Practice English vocabulary for ML model serving: ONNX serialization, serving at scale, versioned endpoints, blue-green deployment, and gradual traffic shifting.
0 / 5 completed
1 / 5
What does 'the model is serialized to ONNX format' mean?
ONNX provides framework-agnostic model portability. A model trained in PyTorch can be exported to ONNX and then run with ONNX Runtime, which often provides faster inference than the training framework. It also enables deployment to edge devices and specialized hardware accelerators.
2 / 5
What does 'the serving infrastructure handles 10K QPS' mean?
QPS (Queries Per Second) is the throughput requirement for the serving infrastructure. Meeting 10K QPS might require multiple model server replicas, GPU acceleration, batching requests, or caching frequent predictions. Load testing validates the target throughput before production launch.
3 / 5
What does 'the model endpoint is versioned' mean?

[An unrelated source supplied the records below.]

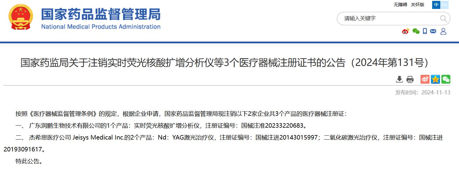 國家藥監(jiān)局關(guān)于注銷實時熒光核酸擴增分析儀等3個醫(yī)療器械注冊證書的公告(2024年第131號)
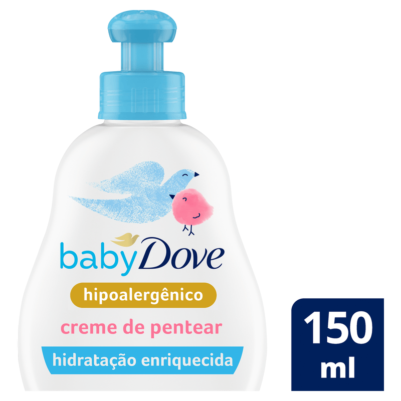 O Creme para Pentear Infantil Hidratação Enriquecida Dove Baby é apresentado em frasco de 150 ml, indicado para crianças a partir de 3 anos. Desenvolvido para hidratar e facilitar o desembaraço dos cabelos infantis, oferece cuidado delicado para o couro cabeludo e fios, promovendo maciez e proteção.
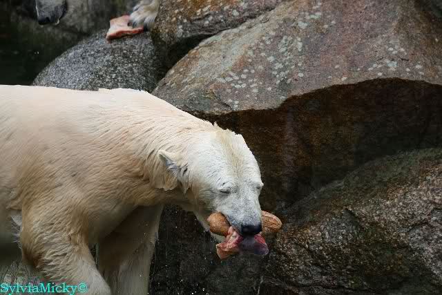 Heute wurden die Anlagen von Knut und Gianna und den großen Eisbären, wie vorangekündigt, sauber gemacht. Eine gute Möglichkeit die Großen bei der Fütterung auf der kleinen Anlage zu sehen.

Versioned model endpoints enable controlled migration: clients can test the new version at /v2 while remaining on /v1 in production. This prevents silent breaking changes when model behavior changes and allows rollback by switching the client back to the previous endpoint.
4 / 5
What is 'blue-green deployment for ML models'?
Blue-green deployment for models eliminates deployment downtime and enables instant rollback. The new model (green) is validated with shadow traffic or a small percentage of real traffic. Once confidence is established, all traffic switches from blue to green instantly via a load balancer configuration change.
5 / 5
What does 'traffic is gradually shifted to the new model' mean?
Gradual traffic shifting (also called canary deployment) is the safest model rollout strategy. It exposes a small fraction of real users to the new model while monitoring key metrics (accuracy, latency, error rate). Problems at 1% traffic affect far fewer users than a full rollout.